As has been pointed out before, we have no sightings of a crash using
PerfData outside of the monitor subsystem. If we spot such a crash in
the GC code, then the GC worker thread code should be updated to use
the new has_PerfData() check to reduce the likelihood of such a crash.
> Another problematic example is the one which got me here in the first
> place, e.g. vm_exit_during_initialization. At that point we haven't
> started any Java threads to be brought to a safepoint.

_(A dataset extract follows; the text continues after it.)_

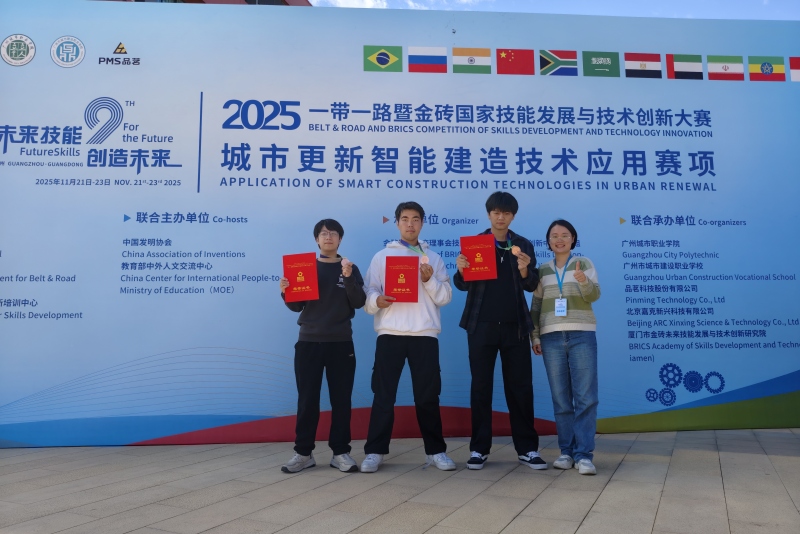 11月21日至23日,2025一带一路暨金砖国家技能发展与技术创新大赛——城市更新智能建造技术应用赛项全国总决赛在广州市成功举办。经过激烈角逐,我校工程学院学生萧杨烨、朱智岭、黄胤堃(指导老师:陈颖)凭借出色的专业能力和稳定的现场发挥,最终荣获本科组三等奖。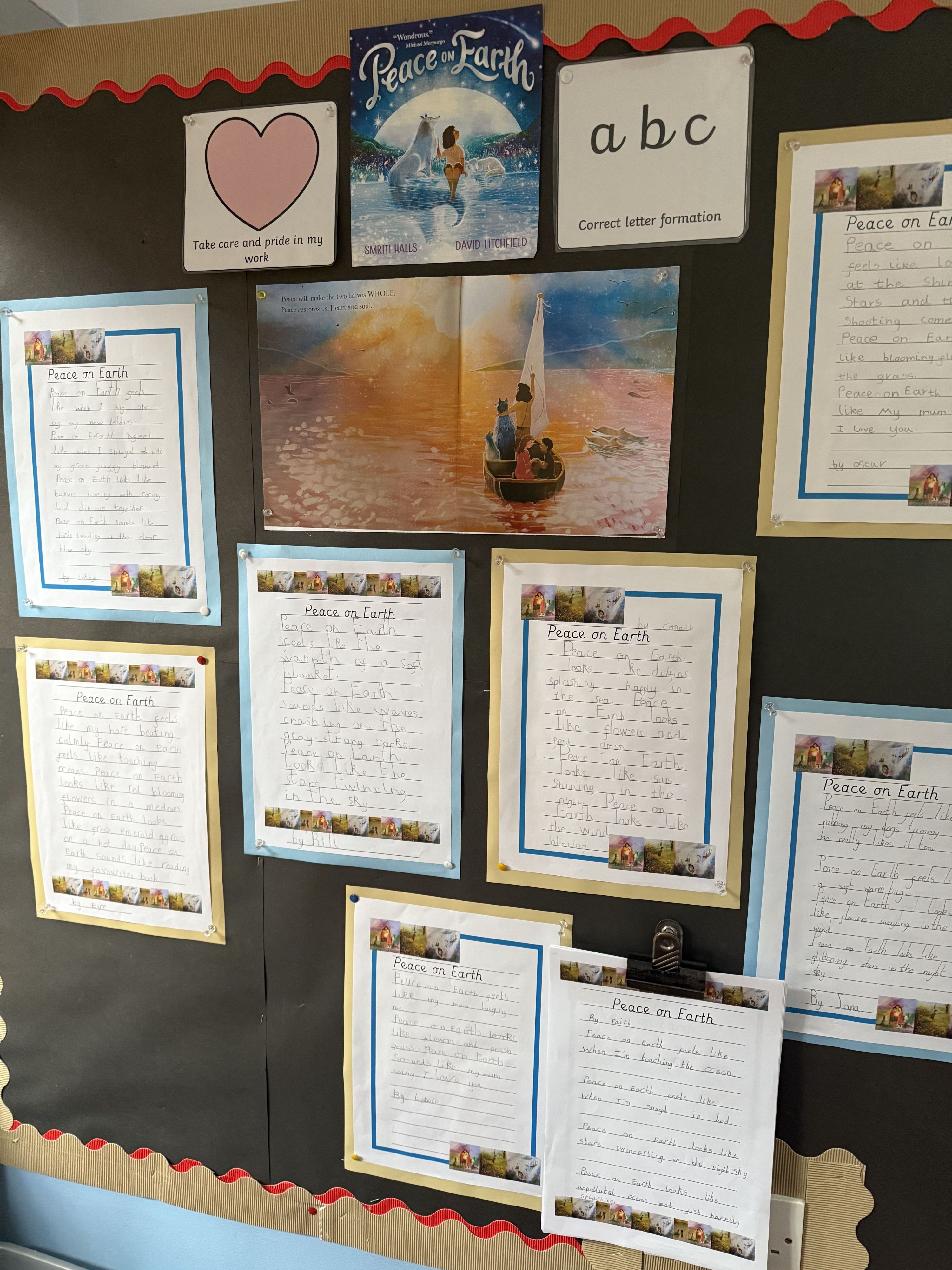 As a school, we have explored the book 'Peace on Earth' by David Litchefield. This is a beautiful picture book with stunning images that lights a path for all those who dare to dream of peace.

Buried in the notes for this bug (8049304) is data that showed that
with the test case for JDK-8129978, we are not at a safepoint (i.e.,
SafepointSynchronize::is_at_safepoint() returns false). With the
current fix in place, your test case from JDK-8129978 passed two
different 1000 iteration runs when it used to fail every time with
the fix not in place.
> That is, I think normal exit implies we're at a safepoint here, but
> the converse is not true.
I think you're missing the point of the safepoint check here. When
we are at a safepoint, most PerfData usage is safe so we can set the
flag, free the PerfData and finish shutting down. I've identified
two places in the Java monitor subsystem where we have PerfData
usage that may happen while we are at a safepoint and I've flagged
both of those spots with comments just in case the work around
fails down the road and someone has to go looking.

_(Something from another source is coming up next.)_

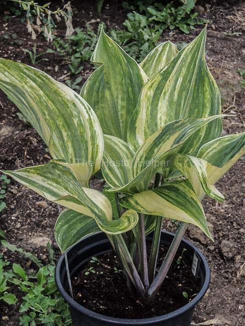Originated in 2019 by Ronny Van Keer of Belgium, this non-registered cultivar is a hybrid of H. 'Holar Rainbow Colors' × H. 'Mr Blue'. It is a medium size hosta with green colored foliage with streaked variegation. The leaves have rose red petioles.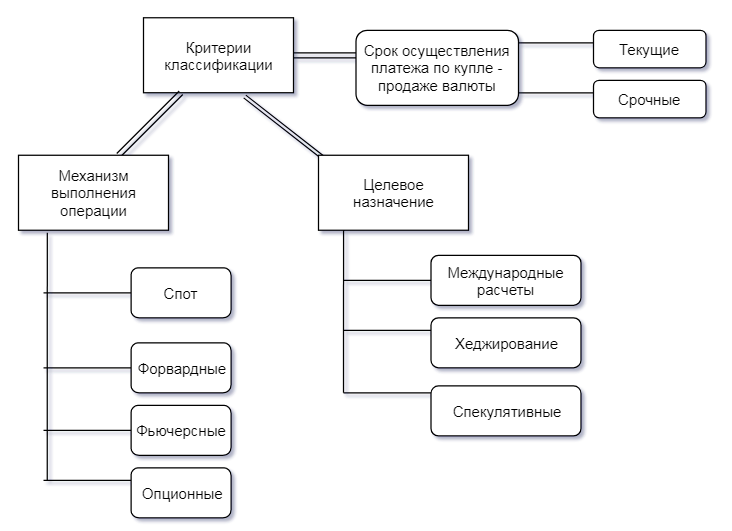 Наиболее типичными валютными операциями являются конверсионные операции, разнообразие которых, на сегодня, очень широко. На наш взгляд, эти операции наиболее удобно классифицировать по критериям, изображенными на рисунке ниже.

The point of that check is that it is (mostly) safe to free this
memory while we're at a safepoint and not otherwise. This check
doesn't care whether we are shutting down normally or abnormally
and I really don't want it to care.
Aside: I thought you'd be happy that I finally gave in and allowed
this memory to not be freed in the non-safepoint (implied abnormal
exit) case.
> And what we need to know is whether we're in a VM abort or a normal
> exit. [And vm_shutdown_during_initialization is an additional case
> that I don't fully understand. I'm not sure whether that should be
> treated as a normal exit or a VM abort.]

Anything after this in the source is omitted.